Super-Charging Terminix

The industry’s pacesetter has stepped up its stride. Terminix International, the $900-million ServiceMaster subsidiary has in place aggressive plans for growth, proactive marketing strategies, and a new leadership team that is gearing up for a dynamic year ahead.

And while the leadership team is technically “new” — two of the company’s top officers have been at their posts for only about a year — it’s not lacking experience. In January 1997, Donald (Don) K. Karnes was named president and chief operating officer of Terminix International, succeeding Dickie Gauthreaux, who retired after 18 years of service, and 39 years in the pest control industry.

Just four months after Karnes was named to his post, Terminix’s Norman Goldenberg was named vice president of government and public affairs, licensee operations and technical services.

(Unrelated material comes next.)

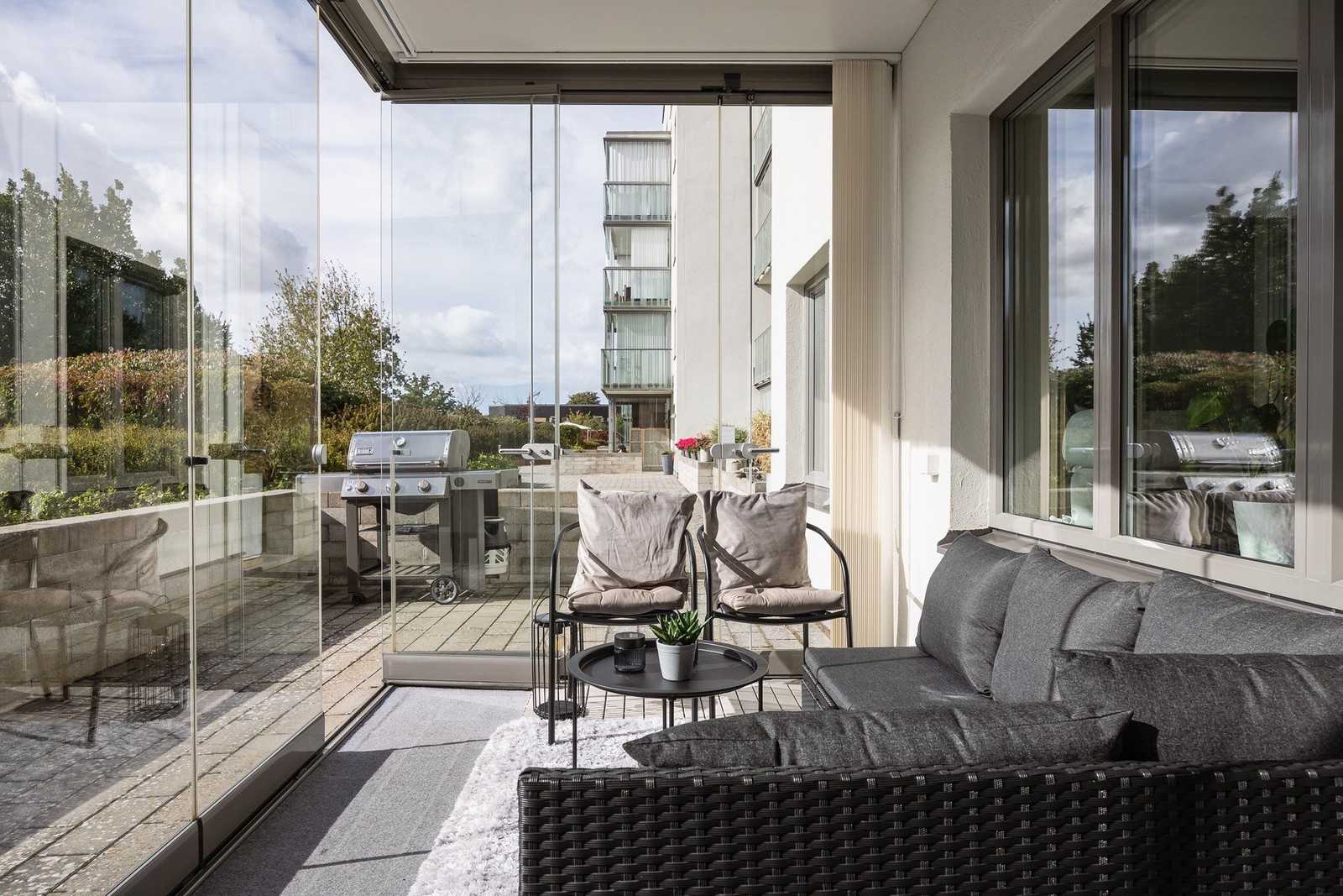 Den delvis inglasade uteplatsen blir en naturlig förlängning av vardagsrummet och bjuder in till avkoppling året runt. Här kan du njuta av morgonkaffet i lä och skydd från vind, samtidigt som den öppna delen ger plats för solstolar, blomkrukor eller grillkvällar under sommarhalvåret. En perfekt kombination av praktiskt och trivsamt – en egen liten oas med villakänsla mitt i stan.

Goldenberg essentially filled the role left after Charles Hromada, the long-time leader, pioneer and corporate technical guru of Terminix, announced his retirement.

The previous leadership team of Hromada and Gauthreaux, in place for close to a decade, was an effective, powerful force, which in their tenure saw the company increase its business by more than a third to become the largest pest control company in the nation. Under their leadership, the Terminix brand name grew to become a household word.

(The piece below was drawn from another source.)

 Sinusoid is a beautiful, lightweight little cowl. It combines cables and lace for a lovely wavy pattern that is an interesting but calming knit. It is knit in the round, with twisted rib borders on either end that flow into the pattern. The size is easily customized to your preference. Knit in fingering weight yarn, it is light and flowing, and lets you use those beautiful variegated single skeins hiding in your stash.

The new management team, meanwhile, hopes to build upon that solid foundation while also streamlining the company, enhancing its professionalism, and speeding up decision-making at all levels. In short, they want to super-charge Terminix. For a company that now employs close to 11,000 worldwide, it’s an aggressive goal, but one that will be watched by all within the industry.

“Terminix has created a very good image in the marketplace,” said Don Jamison, president of Jamison Pest Control, Memphis, Tenn. But because Terminix is part of a publicly held corporation, Jamison added, the company also has a responsibility to its shareholders. “Their basic motive is to produce a profit,” he said. Furthermore, Jamison pointed out, the current federal/state investigation of the termite market may not bode well for Terminix, simply because the largest companies are the easiest targets. “This industry has real problems in the coming days,” he said, “and I think Terminix, along with Orkin and Sears, are at the forefront of that. But I don’t think they could have a better management team in place.”

Karnes, Goldenberg and Bob von Gruben, group vice president and general counsel, recently shared Terminix’s plans for growth for 1998 and beyond with PCT, and talked about their team approach toward management.

“Collectively it’s a group of people that run the company,” says Karnes, who jokes that his job is to listen while everyone one else talks. “Especially with my lack of experience in the pest control business, you have to be a good listener,” he said.

THE LEADERSHIP TEAM. Karnes, 46, is no newcomer to leadership, nor to the demands of managing an international service company. He has been president and COO of Terminix’s sister operation, TruGreen ChemLawn, since 1991, where he rose through the ranks as a branch manager, regional manager, and finally, senior vice president. In 1996 he was named group president of Lawn Care and Pest Control Services for ServiceMaster, a position he still holds.

Goldenberg, too is an experienced industry leader and pioneer, having grown up in the pest control industry. His circuitous route to Terminix started when he sold his Miami, Fla., pest control company to Waste Management, which was later purchased by the ServiceMaster subsidiary. He joined the company as vice president of governmental affairs, the same position he held at Waste Management. During his career, Goldenberg, now 57, has served as president of the NPCA and of the Florida Pest Control Association.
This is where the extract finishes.